To finish, yes $\mathscr M (\mathbf R)\backslash\mathscr B (\mathbf R)$ is nonempty. But you have the following result :

if $A\in \mathscr M (\mathbf R)\backslash\mathscr B (\mathbf R)$ then there exists two borel sets $M$ and $N$ such that $M\subset A$, $A\subset M \cup N$ and $\lambda(N)=0$ (so $A$ is a borel set up to some non Borel negligible set). Moreover one have $\lambda(A)=\lambda(M)$.

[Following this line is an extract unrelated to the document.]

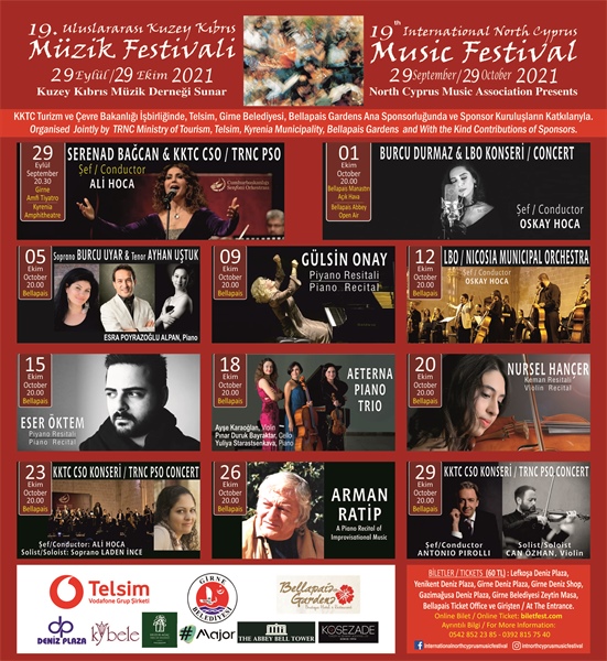 “29 Eylül Girne Amfi Tiyatro Serenad Bağcan & KKTC CSO (Şef: Ali Hoca). 1 Ekim Bellapais Manastırı Açık Hava Burcu Durmaz & LBO Konseri (Şef: Oskay Hoca). 5 Ekim Bellapais Soprano Burcu Uyar & Tenor Ayhan Uştuk (Piano:Esra Poyrazoğlu Alpan). 9 Ekim Bellapais Gülsin Onay Piyano Resitali. 12 Ekim Bellapais LBO Konseri (Şef: Oskay Hoca). 15 Ekim Bellapais Eser Öktem Piyano Resitali. 18 Ekim Bellapais Aeterna Piano Trio. 20 Ekim Bellapais Nursel Hançer Keman Resitali. 23 Ekim Bellapais KKTC CSO Konseri (Şef: Ali Hoca / Solist: Soprano Laden İnce). 26 Ekim Bellapais Arman Ratip Doğaçlama Müziği Piyano Resitali. 29 Ekim Bellapais KKTC CSO Konseri (Şef: Antonio Pirolli / Solist: Can Özhan, Keman).”
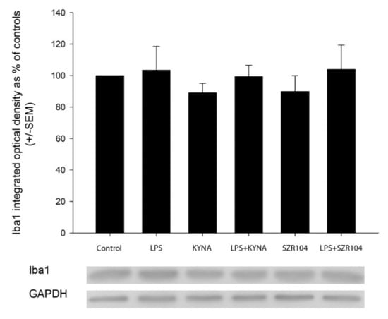 2.4. Effect of KYNA and SZR104 on Microglia Phagocytosis and Iba1 Immunoreactivity

I'm not sure what you have in mind when you say example, but if you look in a basic (undergraduate level) probability book you'll see they really struggle with the fact that you can't give a probability to any arbitrary event. The question then becomes what subset of $2^{\mathbb R}$ you want to consider. There's some desire to be as broad as possible, but the basic machinery that you need to develop is quite difficult and perhaps too difficult for the typical student of classical probability who will probably never encounter in the real world an event that is not a Borel set. In find in teaching probability that even Borel sets are too complicated for the typical student who is a scientist who just wants to test the significance of their data. For such people they will probably never encounter an event that's not an interval, or at most a union of two or three intervals. But such students would be lost in the difficult details of analysis necessary to include more sets than they would actually ever need. That's why some authors, e.g. Larson, side step the entire issue of non-integrable sets completely, and just warn the student that not all subsets of $\mathbb R$ can be events and then just move on.